I have a cpu intensive code which uses a heavy dictionary as data (around 250M data). I have a multicore processor and want to utilize it so that i can run more than one task at a time. The dictionary is mostly read only and may be updated once a day.
How can i write this in python without duplicating the dictionary?
I understand that python threads don't use native threads and will not offer true concurrency. Can i use multiprocessing module without data being serialized between processes?
I come from java world and my requirement would be something like java threads which can share data, run on multiple processors and offers synchronization primitives.
You can share read-only data among processes simply with a fork (on Unix; no easy way on Windows), but that won't catch the "once a day change" (you'd need to put an explicit way in place for each process to update its own copy). Native Python structures like dict are just not designed to live at arbitrary addresses in shared memory (you'd have to code a dict variant supporting that in C) so they offer no solace.
You could use Jython (or IronPython) to get a Python implementation with exactly the same multi-threading abilities as Java (or, respectively, C#), including multiple-processor usage by multiple simultaneous threads.
Use shelve for the dictionary. Since writes are infrequent there shouldn't be an issue with sharing it.
Take a look at this in the stdlib:
http://docs.python.org/library/multiprocessing.html
There are a bunch of wonderful features that will allow you to share data structures between processes very easily.
Related
I have a readonly very large dataframe and I want to do some calculation so I do a multiprocessing.map and set the dataframe as global. However, does this imply that for each process, the program will copy the dataframe separately(so it will be fast then a shared one)?
If I understand it correctly you won't get any benefit by trying to use multiprocessing.map on a Pandas DataFrame because the DataFrame is built over NumPy ndarray structures and NumPy already releases the GIL, scales to SMP hardware, uses vectorized machine instructions where they're available and so on.
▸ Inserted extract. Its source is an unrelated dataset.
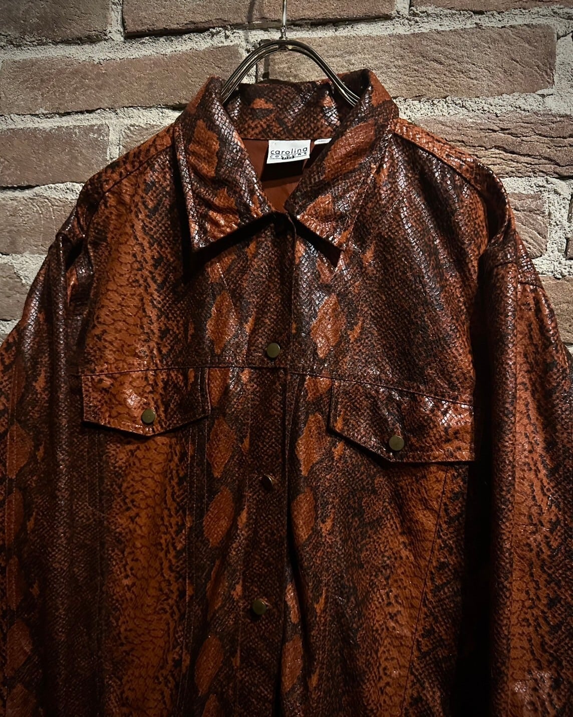パイソン柄×トラッカージャケットの絶妙な塩梅のデザインバランスを誇り、上質なポリエステル素材でシーズンレスにお楽しみ頂ける、ファッション性の高いスペシャルな逸品です。

As you say, you might be incurring massive RAM consumption and data copying or shared memory locking overhead on the DataFrame structures for no benefit. Performance consideration on the combination of NumPy and Python's multiprocessing module are discussed in this SO Question: Multiprocessing.Pool makes Numpy matrix multiplication slower.
The fact that you're treating this DataFrame as read-only is interesting because it suggests that you could write code around os.fork() which, due to the OS CoW (copy-on-write) semantics through the fork() system call, should be an inexpensive way to share the data with child processes, allowing each to then analyze the date in various ways. (Any code which writes to the data would trigger allocation of fresh pages and copying, of course).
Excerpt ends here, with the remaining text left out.